Le président Biden a annoncé cette nouvelle aide, qui comprend notamment des pièces d'artillerie et des obus supplémentaires, lors d'un entretien téléphonique avec son homologue ukrainien Volodymyr Zelensky.
Dans un message vidéo, ce dernier a dit sa "gratitude" à l'égard des Américains pour la nouvelle tranche d'aide militaire. "Je veux dire ma gratitude pour ce soutien, il est particulièrement important pour notre défense dans le Donbass", la région, de l'est de l'Ukraine épicentre des attaques russes actuelles.
"L'Ukraine est confrontée à un moment charnière sur le champ de bataille", a pour sa part déclaré le secrétaire américain à la Défense Lloyd Austin, lors d'une réunion au siège de l'Otan à Bruxelles des pays du "groupe de contact" créé par les Etats-Unis pour aider l'Ukraine.
"Nous devons donc intensifier notre engagement commun" et "redoubler d'efforts pour qu'elle puisse se défendre", a-t-il ajouté.
Près de 50 ministres de la Défense - dont le ministre ukrainien Oleksiï Reznikov - participent à cette réunion, en marge d'une réunion ministérielle de l'Otan.
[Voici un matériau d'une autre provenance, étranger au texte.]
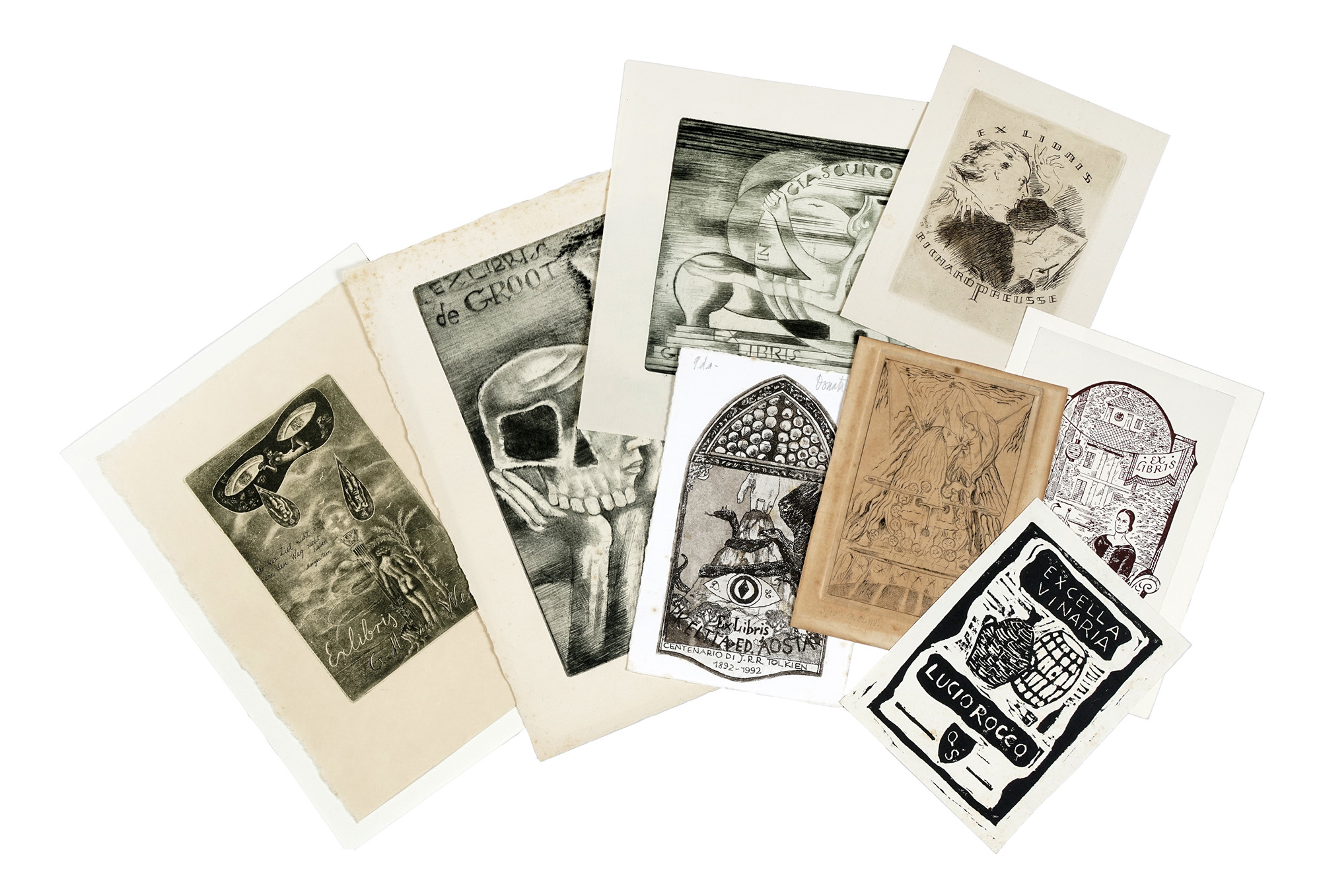 Autori vari, Lotto composto di 38 ex libris. Raccolta di acqueforti, fotoincisioni, xilografie e litografie. mm 65/190x42/120. Fogli: mm 80/235x55/180. Molte firmate e datate in lastra lungo i margini, alcune controfirmate a matita. Tra i vari autori spiccano: Martini A., Fingesten M., Ferenzona R. D. M., Balsamo Stella G. e Sartorio G. A. (38)Raccolta di acqueforti, fotoincisioni, xilografie e litografie. mm 65/190x42/120. Fogli: mm 80/235x55/180. Molte firmate e datate in lastra lungo i margini, alcune controfirmate a matita. Tra i vari autori spiccano: Martini A., Fingesten M., Ferenzona R. D. M., Balsamo Stella G. e Sartorio G. A. (38) Alcune opere totalmente o parzialmente applicate su carta di supporto. Trascurabili bruniture leggere e sporadiche fioriture. Buona conservazione generale.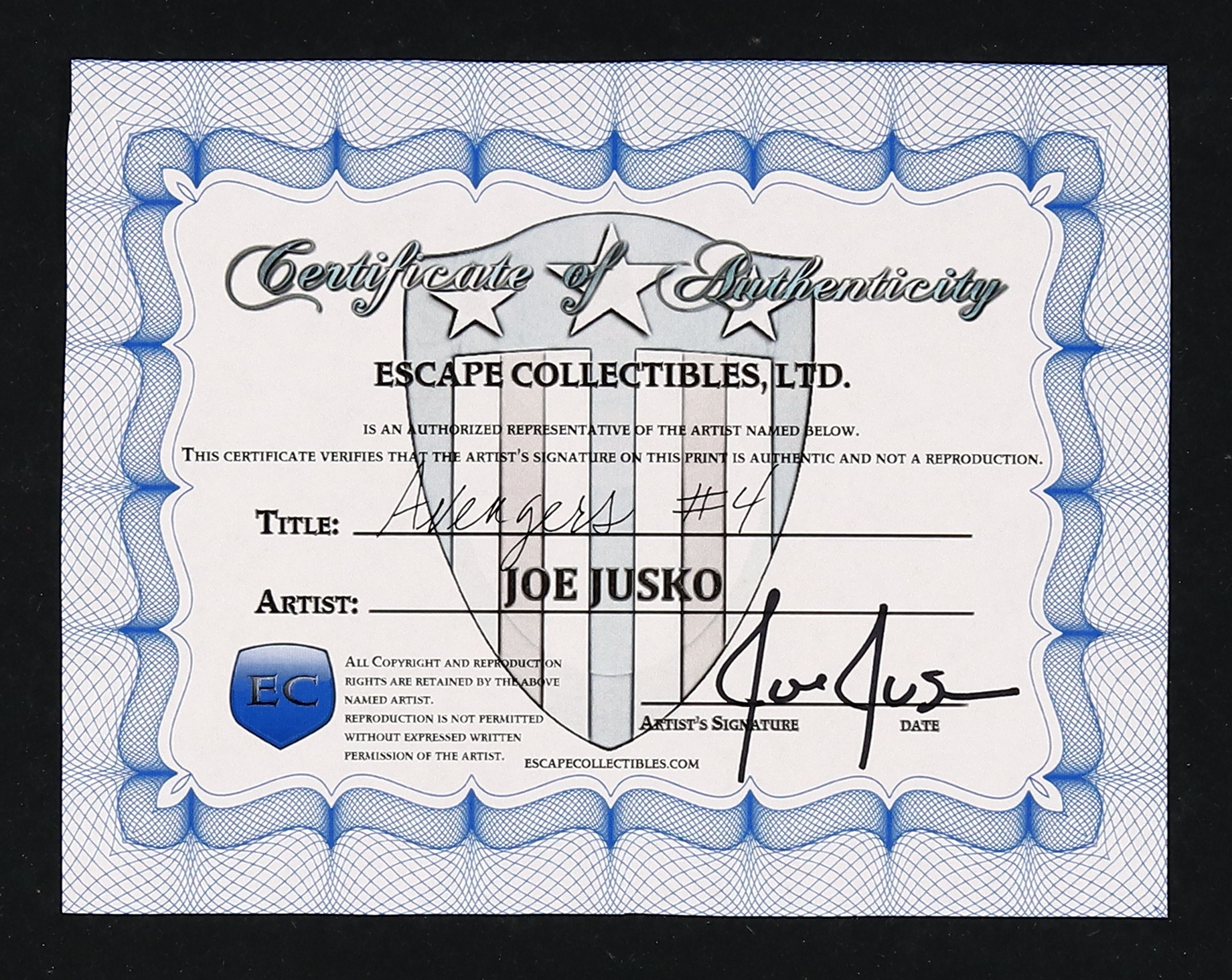 Signed by the artist with certificate of authenticity from Escape Collectibles Limited. High quality print on heavy, glossy stock. 8 1/2" x 11".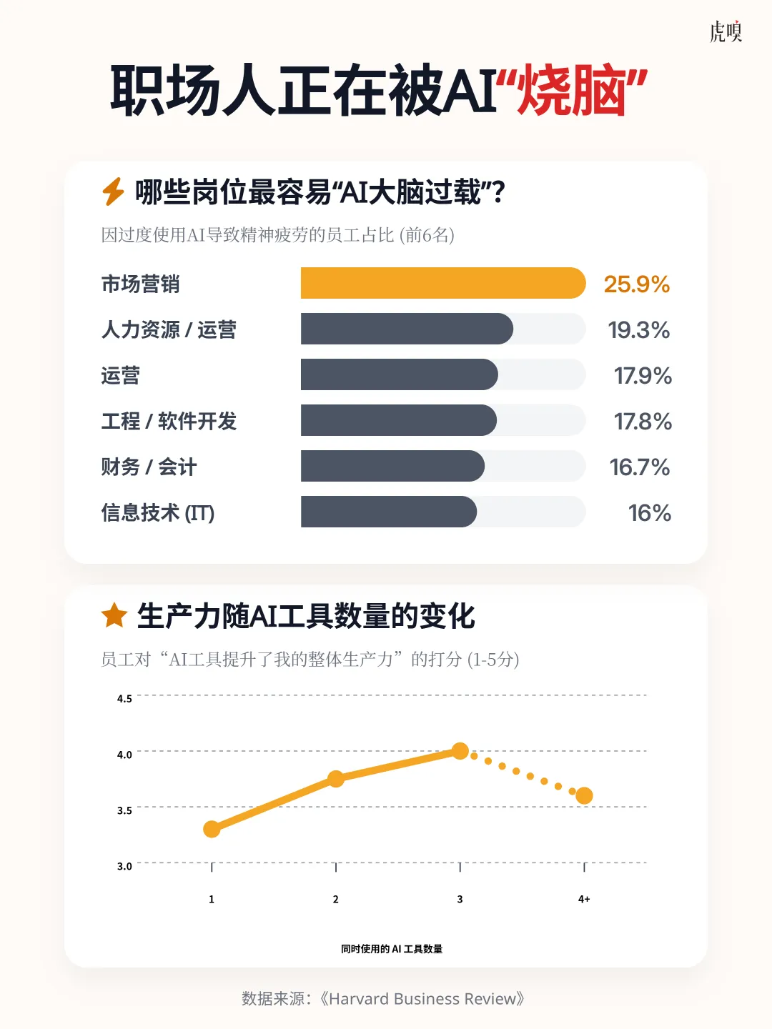 波士顿咨询集团最新研究显示,在需要高度监督AI运作的场景中,员工精神消耗平均增加14%,信息过载感提升19%。作为带领30人市场团队的管理者,我必须严肃提醒:AI工具的使用正在经历从”赋能红利”到”认知过载”的临界点,而市场人首当其冲。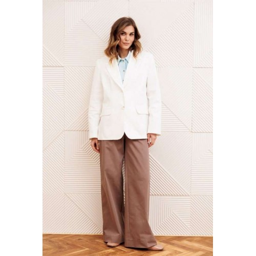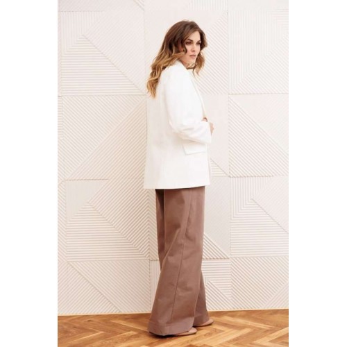 Костюм состоит из жакета и брюк из хлопковой ткани. Жакет полуприлегающего силуэта с воротником пиджачного типа. Застежка однобортная на две пуговицы. Перед с талиевой вытачкой, рельефом и декоративным клапаном. Спинка с рельефами из проймы и средним швом. Рукав втачной двухшовный. Брюки расширеные книзу на притачном поясе. По поясу настрочены шлевки. По передним и задним частям брюк вытачки. На задних частях брюк настрочены карманы. Карманы, вытачки, пояс, низ брюк отделаны отделочной строчкой. Длина жакета - 68см, длина рукава жакета - 60 см, длина брюк с учетом пояса -107 см

Une réunion très attendue par Kiev, qui réclame depuis des semaines des armes lourdes en quantité pour repousser les forces russes dans le bassin du Donbass.
"Bruxelles, nous attendons une décision", a encore tweeté mercredi matin Mykhaïlo Podoliak, conseiller de la présidence ukrainienne.
"Le ratio Russie/Ukraine en artillerie est de l'ordre de 10 contre 1 dans certaines zones, je reçois quotidiennement des messages de nos combattants disant 'Nous tenons, dites-nous juste quand les armes arriveront'", a-t-il ajouté.
Depuis leur offensive avortée sur Kiev en mars, les forces russes et séparatistes prorusses, qui contrôlent partiellement cette région industrielle depuis 2014, se sont donné pour objectif d'en prendre le contrôle total.
La livraison "demande du temps"
Le secrétaire général de l'Otan Jens Stoltenberg a assuré avant la réunion que les membres de l'Alliance allaient fournir davantage d'armes lourdes modernes à l'Ukraine, mais a averti que cela demandait "du temps".
"Il s'agit d'artillerie, de systèmes à longue portée, de systèmes antiaérien aux normes Otan, ce qui impose une formation, un entretien, une maintenance", a insisté M. Stoltenberg.
Parmi les armes que réclame l'Ukraine figurent des systèmes de lance-roquettes multiples, que Washington et Londres ont promis de fournir. Le ministre britannique de la Défense Ben Wallace a déclaré mercredi, depuis Oslo, que les livraisons étaient "imminentes".
Les Ukrainiens réclament aussi des canons automoteurs, comme les canons automoteurs français Caesar. La France en a livré six exemplaires à Kiev ces dernières semaines, et l'AFP a vu mercredi des soldats ukrainiens utiliser des Caesars pour tirer sur des cibles russes dans le Donbass.
"L'Ukraine doit obtenir tout ce qui est nécessaire pour remporter la victoire", a martelé le président ukrainien Volodymyr Zelensky dans une téléconférence avec les députés tchèques.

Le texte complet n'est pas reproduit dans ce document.